- [What to do]
Reproduce the data below word for word, setting aside any picture it holds.

- [Supplied information]

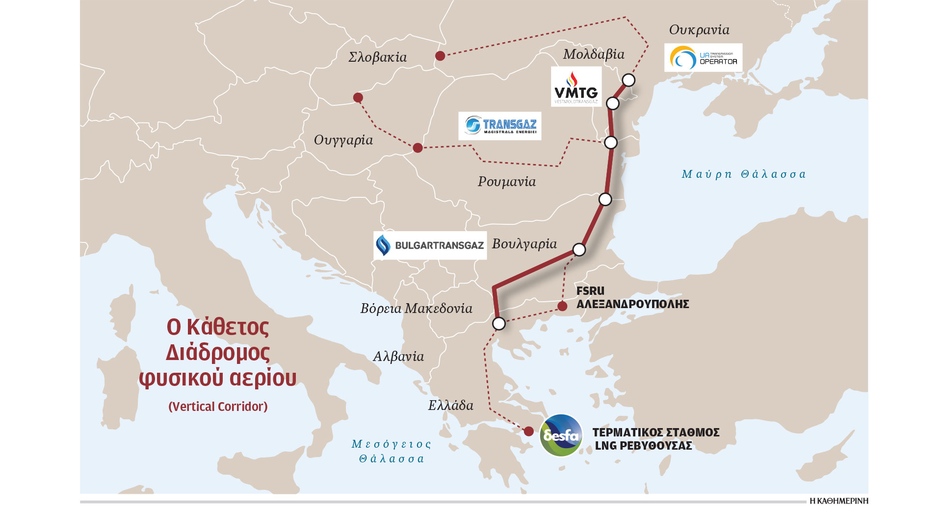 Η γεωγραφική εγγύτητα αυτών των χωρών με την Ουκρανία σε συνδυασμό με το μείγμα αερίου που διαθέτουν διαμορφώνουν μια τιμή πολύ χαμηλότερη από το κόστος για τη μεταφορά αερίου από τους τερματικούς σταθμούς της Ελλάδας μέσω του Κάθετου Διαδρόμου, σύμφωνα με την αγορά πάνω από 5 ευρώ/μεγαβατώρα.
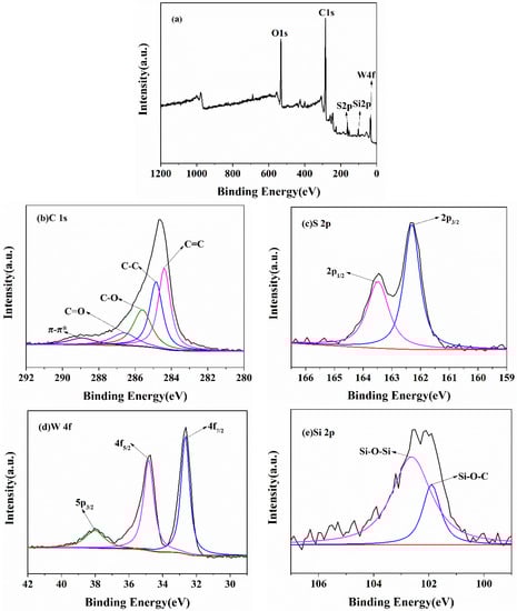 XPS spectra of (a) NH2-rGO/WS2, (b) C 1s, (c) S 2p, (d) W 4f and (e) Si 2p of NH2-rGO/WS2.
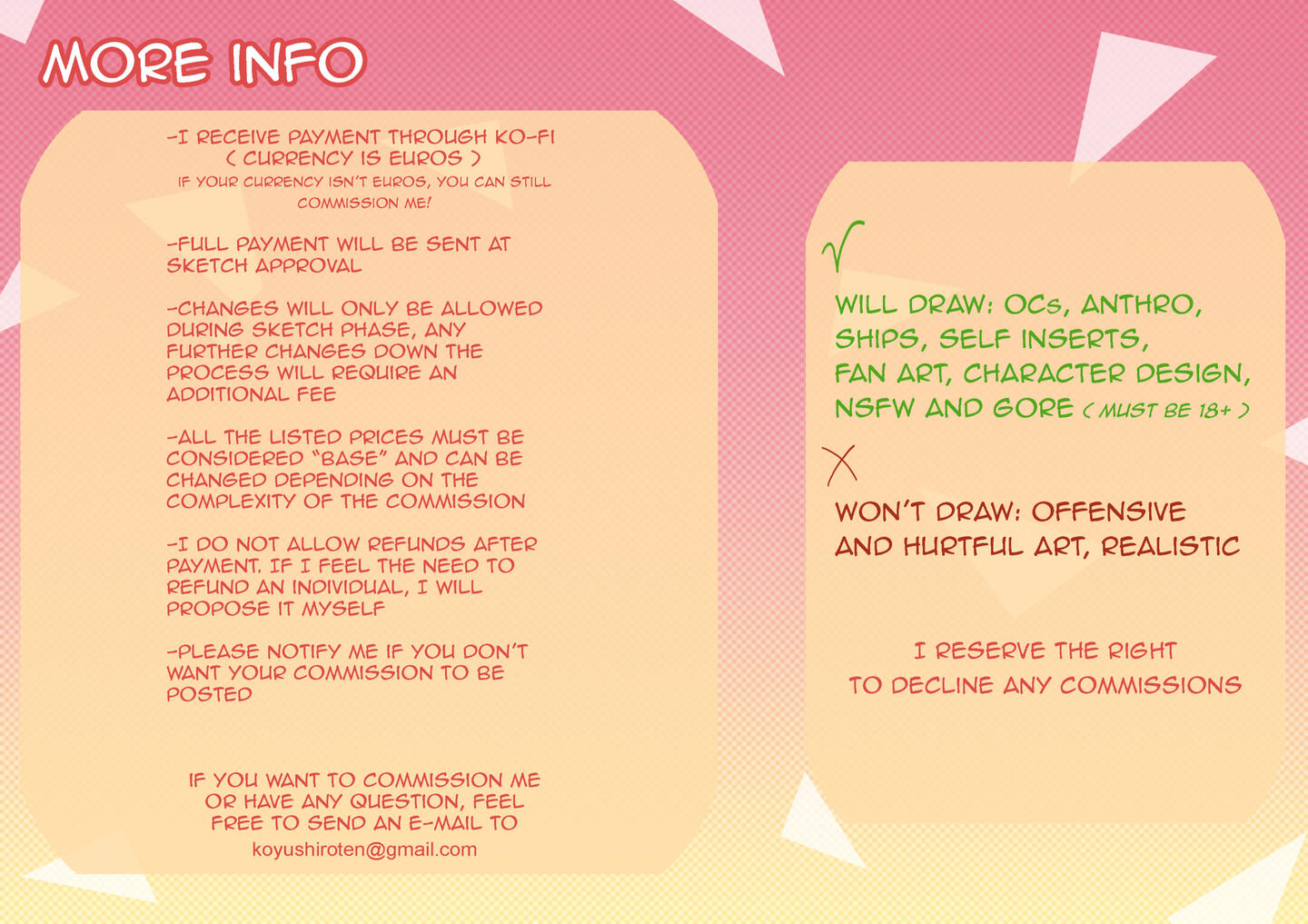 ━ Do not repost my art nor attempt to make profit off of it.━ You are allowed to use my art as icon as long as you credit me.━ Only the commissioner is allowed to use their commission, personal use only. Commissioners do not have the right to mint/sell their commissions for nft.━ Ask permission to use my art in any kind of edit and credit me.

- [Output for this exercise]
 Η γεωγραφική εγγύτητα αυτών των χωρών με την Ουκρανία σε συνδυασμό με το μείγμα αερίου που διαθέτουν διαμορφώνουν μια τιμή πολύ χαμηλότερη από το κόστος για τη μεταφορά αερίου από τους τερματικούς σταθμούς της Ελλάδας μέσω του Κάθετου Διαδρόμου, σύμφωνα με την αγορά πάνω από 5 ευρώ/μεγαβατώρα.
 XPS spectra of (a) NH2-rGO/WS2, (b) C 1s, (c) S 2p, (d) W 4f and (e) Si 2p of NH2-rGO/WS2.
 ━ Do not repost my art nor attempt to make profit off of it.━ You are allowed to use my art as icon as long as you credit me.━ Only the commissioner is allowed to use their commission, personal use only. Commissioners do not have the right to mint/sell their commissions for nft.━ Ask permission to use my art in any kind of edit and credit me.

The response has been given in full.